И Марыня в первом же разговоре с ним подтвердила: да, пани Эмилия живет только этой надеждой, которая смягчает ее горе. По целым дням только о том и говорит, повторяя с какой-то одержимостью; разлука для живущих жизнью вечной – лишь краткий миг. И эта одержимость Марыню начинала даже беспокоить.
– Так говорит, будто Литка жива и они не сегодня завтра увидятся.
– Но в этом ее спасение, – заметил Поланецкий. – Васковский оказал ей огромную услугу. Пусть думает как хочет, вреда от этого не будет.
– Да она и права, ведь так оно и есть.
– Не будем об этом спорить.
Хотя Марыню беспокоила навязчивость, с какой пани Эмилия возвращалась к мысли о жизни вечной, она сама ее разделяла, и скептицизм, сквозивший в словах Поланецкого, немного ее покоробил и огорчил.
Но, не желая этого показывать, она перешла на другое.
– Я отдала увеличить фотографию Литки. И из трех карточек, которые вчера принесли, одну решила отдать Эмильке. Хотя сперва побоялась, не слишком ли это ее взволнует. Но теперь вижу, что это, наоборот, будет ей очень приятно.
Марыня подошла к этажерке с книгами, на которой лежали завернутые в папиросную бумагу фотографии, и, присев к маленькому столику рядом с Поланецким, принялась их развертывать.
– Эмилька вспомнила, как Литка незадолго перед смертью говорила: хорошо бы нам всем троим стать березками и расти рядышком. Помните? – спросила она.
– Помню. Ее еще поразило, что деревья живут так долго. И она задумалась, каким бы хотела стать, и решила: березкой, она ей особенно нравилась.

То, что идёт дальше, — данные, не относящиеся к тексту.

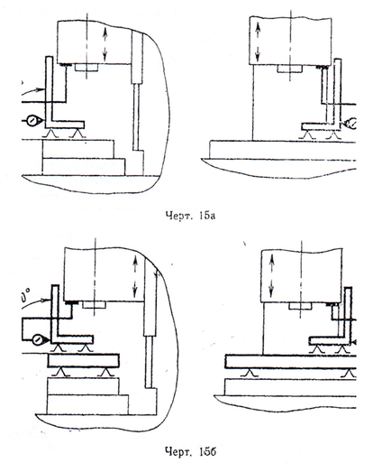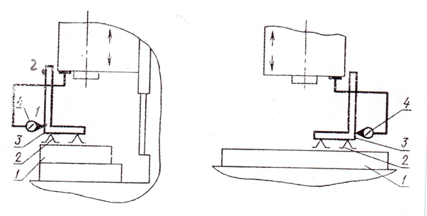 Стол устанавливается в среднем положении. Поверочный угольник устанавливают на две равновысокие опоры.

– А вы сказали, что хотели бы расти рядом… И мне захотелось здесь, на паспарту, нарисовать березы. Видите, даже начала, но плохо получается, давно не рисовала, и потом, я не умею так, по памяти.
И она показала Поланецкому березы, нарисованные акварелью на одной из фотографий, низко склонясь над нею, так как была немного близорука, и на мгновенье коснувшись волосами его виска.
Для него она давно уже была совсем не той Марыней, о которой он мечтал вечерами, возвратясь от пани Эмилии, и которая владела всеми его помыслами. Это время прошло, и мысли его были заняты другим. Но тот тип женщин, к которому она принадлежала, по-прежнему необычайно волновал его как мужчину. И когда волосы коснулись его виска и он совсем близко увидел ее матовое, чуть зарумянившееся личико, склоненный над рисунком стан, влечение к ней вспыхнуло с прежней силой, и кровь стремительней побежала в жилах, разгорячая воображение.
«А что, если сейчас поцеловать ее в глаза, в губы… – промелькнуло в голове. – Интересно, как она к этому отнесется?»
И им вдруг овладело страстное искушение уступить этому порыву, пускай даже и оскорбительному для нее. Хотя бы такой ценой вознаградить себя – и отомстить ей за долгое пренебрежение, за все горе, волнения и неприятности, которые он по ее милости испытал.
– Сегодня мне это кажется еще хуже, – продолжала меж тем Марыня, рассматривая рисунок. – К сожалению, деревья уже облетели, а я только с натуры умею рисовать.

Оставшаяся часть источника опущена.